[Opening Data to process section]

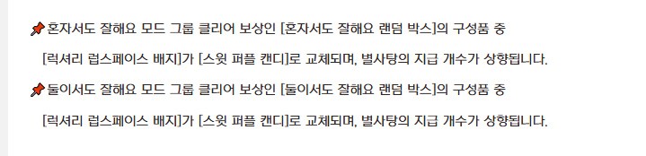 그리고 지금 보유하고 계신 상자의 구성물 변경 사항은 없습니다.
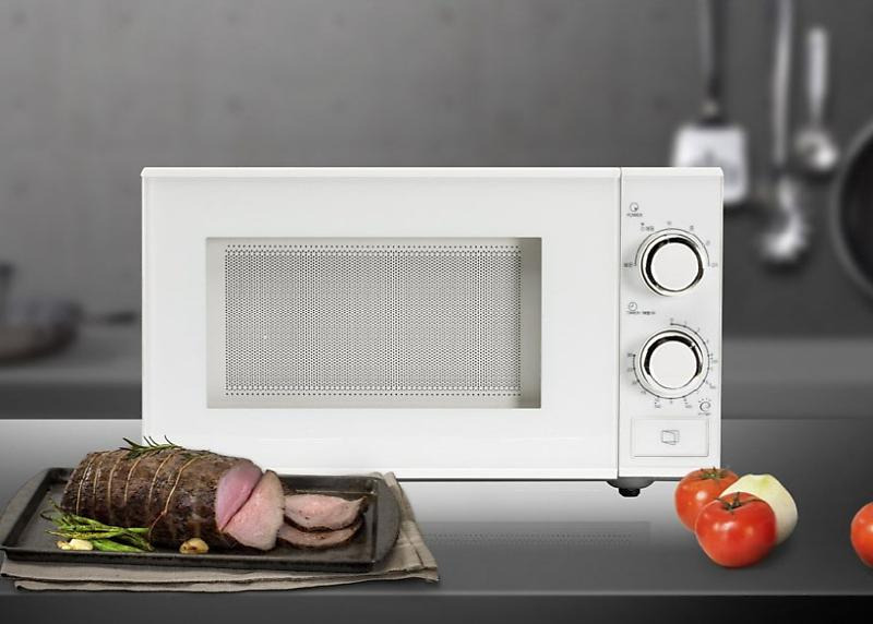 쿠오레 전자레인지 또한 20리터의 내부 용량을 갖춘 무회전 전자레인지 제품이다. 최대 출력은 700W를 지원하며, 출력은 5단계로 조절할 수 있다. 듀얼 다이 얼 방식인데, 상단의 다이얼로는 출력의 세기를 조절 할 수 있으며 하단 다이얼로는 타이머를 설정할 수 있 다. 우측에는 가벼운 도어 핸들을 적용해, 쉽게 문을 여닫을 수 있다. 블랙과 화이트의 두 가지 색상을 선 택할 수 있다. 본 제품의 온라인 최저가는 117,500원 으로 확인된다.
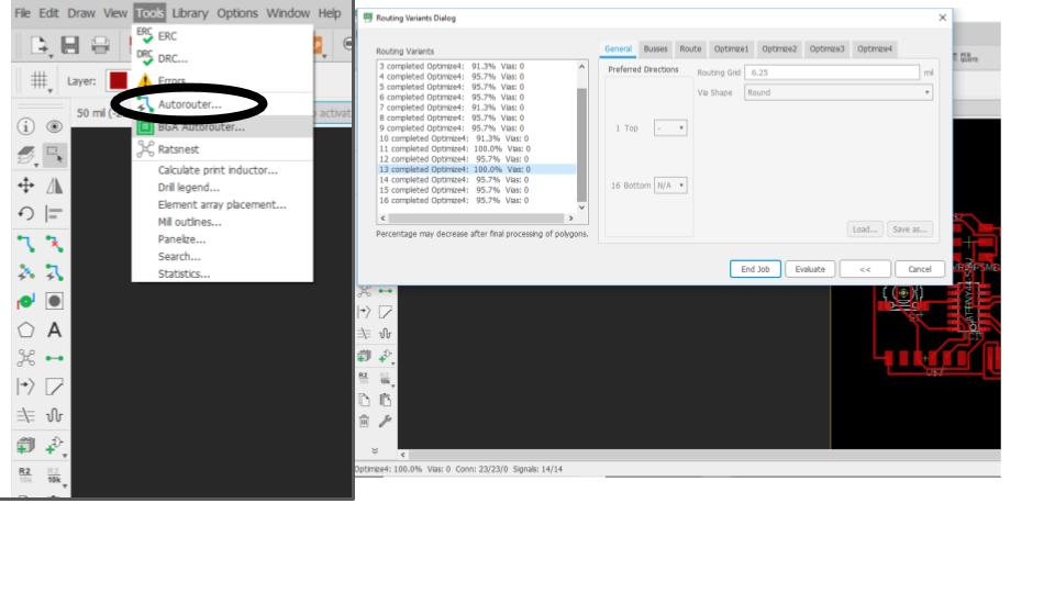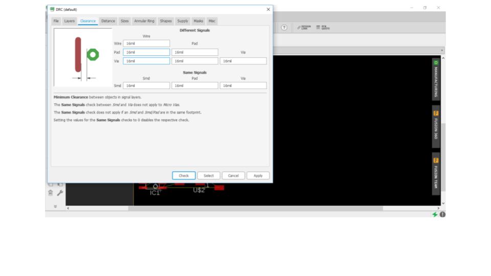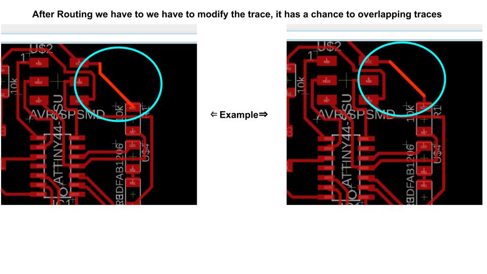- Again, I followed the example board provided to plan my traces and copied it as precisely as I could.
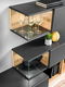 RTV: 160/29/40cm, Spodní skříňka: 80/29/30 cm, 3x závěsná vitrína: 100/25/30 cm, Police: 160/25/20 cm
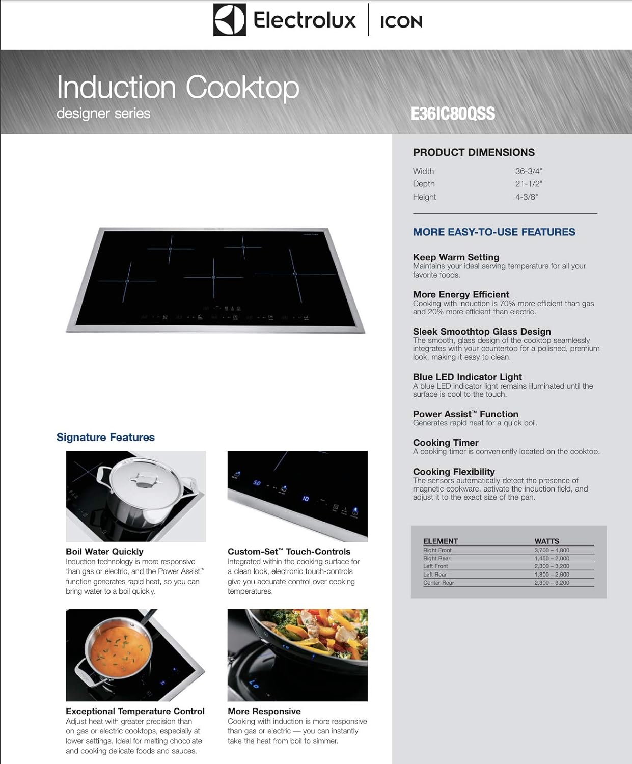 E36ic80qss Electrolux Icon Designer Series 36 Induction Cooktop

[Closing Data to process section]

What you should do – Repeat each line of the material exactly, and drop any image it carries.

Written solution –
 그리고 지금 보유하고 계신 상자의 구성물 변경 사항은 없습니다.
 쿠오레 전자레인지 또한 20리터의 내부 용량을 갖춘 무회전 전자레인지 제품이다. 최대 출력은 700W를 지원하며, 출력은 5단계로 조절할 수 있다. 듀얼 다이 얼 방식인데, 상단의 다이얼로는 출력의 세기를 조절 할 수 있으며 하단 다이얼로는 타이머를 설정할 수 있 다. 우측에는 가벼운 도어 핸들을 적용해, 쉽게 문을 여닫을 수 있다. 블랙과 화이트의 두 가지 색상을 선 택할 수 있다. 본 제품의 온라인 최저가는 117,500원 으로 확인된다.
- Again, I followed the example board provided to plan my traces and copied it as precisely as I could.
 RTV: 160/29/40cm, Spodní skříňka: 80/29/30 cm, 3x závěsná vitrína: 100/25/30 cm, Police: 160/25/20 cm
 E36ic80qss Electrolux Icon Designer Series 36 Induction Cooktop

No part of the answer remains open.